Clinical Research Associate Jobs at Fortrea Paris
Looking to advance your career as a clinical research associate in an international research environment? This role at Fortrea offers an exciting pathway into high-impact clinical research jobs, supporting global clinical trials from Paris. Ideal for professionals and those seeking a strong jobs opportunity for life science graduates, this position places you at the centre of innovation, compliance, and patient-focused research excellence.
About the Company
Fortrea is a leading global contract research organization (CRO) dedicated to advancing clinical development through scientific rigor, innovation, and patient-centric solutions. With a strong international presence, Fortrea careers offer professionals exposure to complex global trials, modern clinical technologies, and long-term growth across the life sciences sector.
Job Details:
- Job Title: Clinical Research Associate II – FSO
- Location: Paris
- Employment Type: Full-time
- Posted: Yesterday
- Job Requisition ID: 26446
About the Clinical Research Associate Role
As a Clinical Research Associate II (CRA II), you will serve as the vital connection between science and real-world clinical outcomes. In this role, you will help translate complex clinical protocols into high-quality execution at investigational sites, directly contributing to the success of global clinical trials and the delivery of innovative therapies to patients worldwide.
Key Responsibilities
- Manage clinical trial sites in accordance with Fortrea SOPs, ICH-GCP guidelines, project plans, and sponsor requirements
- Conduct all phases of site monitoring visits, including pre-study, initiation, routine, and close-out
- Ensure subject safety, protocol compliance, and data integrity throughout the study lifecycle
- Perform source data verification (SDV), query resolution, and eCRF review to maintain audit-ready data
- Maintain essential documents within eTMF and sponsor systems
- Monitor investigational product (IP) accountability, storage, and compliance with protocol and regulatory standards
- Collaborate with cross-functional teams to support site performance, timelines, quality metrics, and study goals
Required Qualifications about Clinical Research Associate
- University or college degree in life sciences, or a related allied health profession (or equivalent relevant experience)

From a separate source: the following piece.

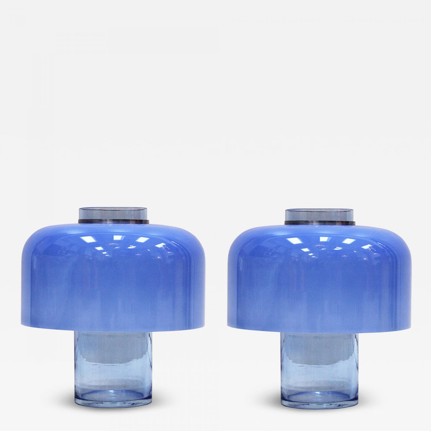 Mid Century Modern Blue Table Lamps Designed by Carlo Nason in Murano Glass

- Strong knowledge of ICH-GCP guidelines and applicable local regulatory requirements
- Working understanding of clinical trial processes and site monitoring procedures
- High attention to detail with the ability to follow complex protocols and documentation standards
- Fluency in English (written and spoken)
- Proficiency with clinical trial systems and tools
- Ability to work independently and travel as required
Why Join a Clinical Research Associate Job at Fortrea?
- Contribute to advancing innovative therapies and improving patient outcomes through global clinical research
- Work in a collaborative environment that supports mentorship, learning, and professional growth
- Utilize modern clinical technologies and efficient systems that promote quality and compliance
- Benefit from a flexible work model, competitive compensation, and a strong focus on employee well-being.